▶ **Recorded information**
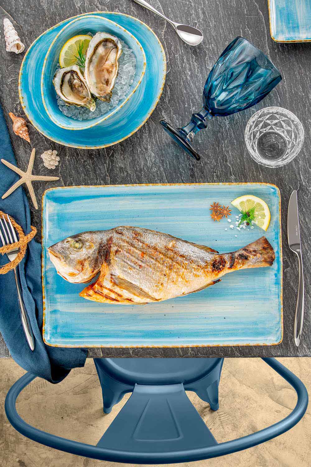 - anyżowy niebieski : kolor oceanu i morska bryza, która miesza się z ogromem nieba, dla mise en place, które chce zaskoczyć i podkreślić smaczne pomysły w kuchni.
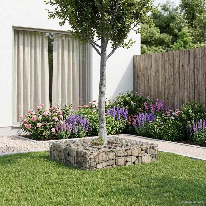 Габиона повдигнато легло Сребрист 100 x 100 x 20 cm
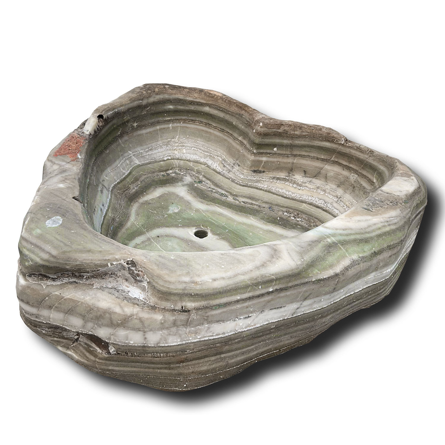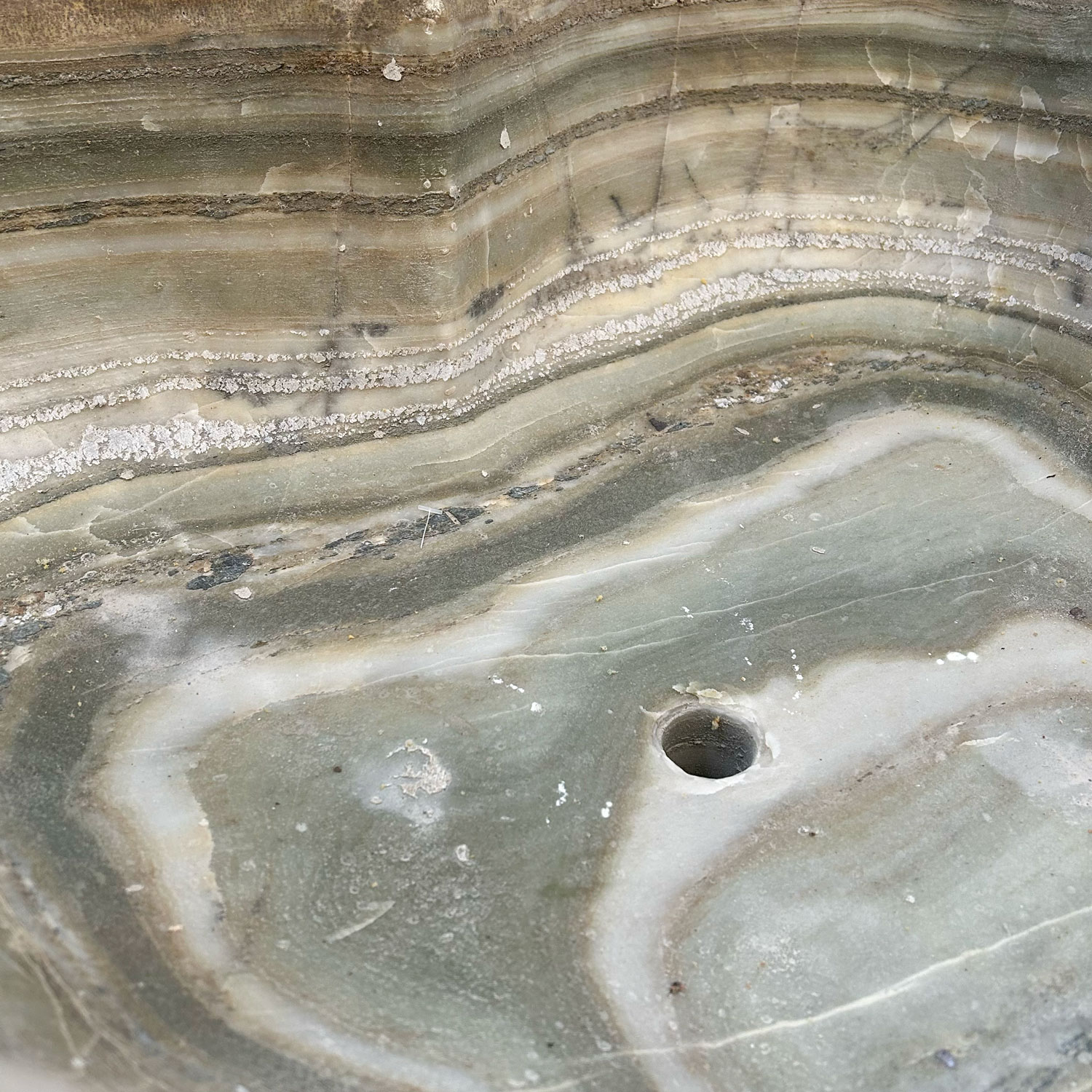 A Green onyx outdoor birdbath is an elegant and natural stone feature, characterized by its rich, swirling shades of green and subtle veining. The durable onyx material makes it perfect for outdoor use, withstanding various weather conditions while maintaining its aesthetic appeal.

▶ **Work request**
Restate the whole listing word for word. Omit the pictures.

▶ **Response**
 - anyżowy niebieski : kolor oceanu i morska bryza, która miesza się z ogromem nieba, dla mise en place, które chce zaskoczyć i podkreślić smaczne pomysły w kuchni.
 Габиона повдигнато легло Сребрист 100 x 100 x 20 cm
 A Green onyx outdoor birdbath is an elegant and natural stone feature, characterized by its rich, swirling shades of green and subtle veining. The durable onyx material makes it perfect for outdoor use, withstanding various weather conditions while maintaining its aesthetic appeal.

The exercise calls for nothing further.